Blogging vs micro-blogging 09:12 on Thursday
Ville Vesterinen writes about why a lot of people, him included, seem to be migrating from blogging to “micro-blogging” — using Jaiku, Twitter, etc. I’m using quotes there intentionally, for I tend to agree with Steven Hodson’s take on Mashable:
It amazes me how anyone in all seriousness can even consider the inane twaddle that permeates the Internet from services like Twitter as even coming close to blogging or micro-blogging.
Ville writes on an opposing and more enthusiastic tone. I guess the points he makes are good, how else would these micro-services be so popular. But his points are also a complete reversal of my opinions on blogging and “micro-blogging”:
- He likes the lower threshold for
letting the world know what’s up. I would prefer people to think more about what they’re saying. Why do we want to fill the world with inane twaddle?

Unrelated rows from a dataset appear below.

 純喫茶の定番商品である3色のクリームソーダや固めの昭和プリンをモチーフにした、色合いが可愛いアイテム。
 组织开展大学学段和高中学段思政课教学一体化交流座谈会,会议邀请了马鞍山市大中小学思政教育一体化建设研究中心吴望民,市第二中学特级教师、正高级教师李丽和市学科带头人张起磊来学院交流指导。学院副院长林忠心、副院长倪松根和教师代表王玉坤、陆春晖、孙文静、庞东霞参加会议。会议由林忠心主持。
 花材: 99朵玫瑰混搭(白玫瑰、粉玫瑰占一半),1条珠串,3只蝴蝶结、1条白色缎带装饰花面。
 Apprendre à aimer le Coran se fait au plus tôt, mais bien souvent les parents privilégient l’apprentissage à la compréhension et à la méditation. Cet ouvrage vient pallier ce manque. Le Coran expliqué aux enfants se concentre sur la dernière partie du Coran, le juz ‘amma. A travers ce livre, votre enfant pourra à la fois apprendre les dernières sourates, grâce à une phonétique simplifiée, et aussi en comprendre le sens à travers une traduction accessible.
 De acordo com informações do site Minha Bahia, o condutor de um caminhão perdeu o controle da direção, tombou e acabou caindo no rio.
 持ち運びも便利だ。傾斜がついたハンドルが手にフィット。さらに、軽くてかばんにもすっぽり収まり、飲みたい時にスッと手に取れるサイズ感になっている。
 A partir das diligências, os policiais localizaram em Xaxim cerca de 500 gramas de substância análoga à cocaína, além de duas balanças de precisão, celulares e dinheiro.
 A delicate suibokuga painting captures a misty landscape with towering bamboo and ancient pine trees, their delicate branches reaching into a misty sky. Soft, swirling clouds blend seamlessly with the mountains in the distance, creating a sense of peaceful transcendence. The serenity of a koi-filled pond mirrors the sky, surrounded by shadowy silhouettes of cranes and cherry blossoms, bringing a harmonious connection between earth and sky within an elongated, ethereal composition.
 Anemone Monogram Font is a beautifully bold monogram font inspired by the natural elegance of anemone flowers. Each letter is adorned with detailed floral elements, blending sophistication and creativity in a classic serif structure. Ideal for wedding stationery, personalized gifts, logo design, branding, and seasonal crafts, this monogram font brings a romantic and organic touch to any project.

- Micro-blogging satisfies his urge to express himself with minimal effort. But what about the effort of the receiver? Why do we want to spend our friends’ time on inane twaddle? If you send me a message, you’re spending my time in addition to yours. If you waste my limited time with nonsense, are you respecting my time? Are you respecting me?
- Ville likes that
these conversations can occur in close to real-time. I hate that. I have better things to do than follow twaddle in real-time! The stream of postings is a sure way to kill my flow. And for a creative person (which we all are) there’s nothing more valuable than flow.
It is interesting how differently these services and their usefulness can be seen, and I am sure there will continue to be an audience for both thoughtful blogging and the bite-sized stream of consciousness that is “micro-blogging”.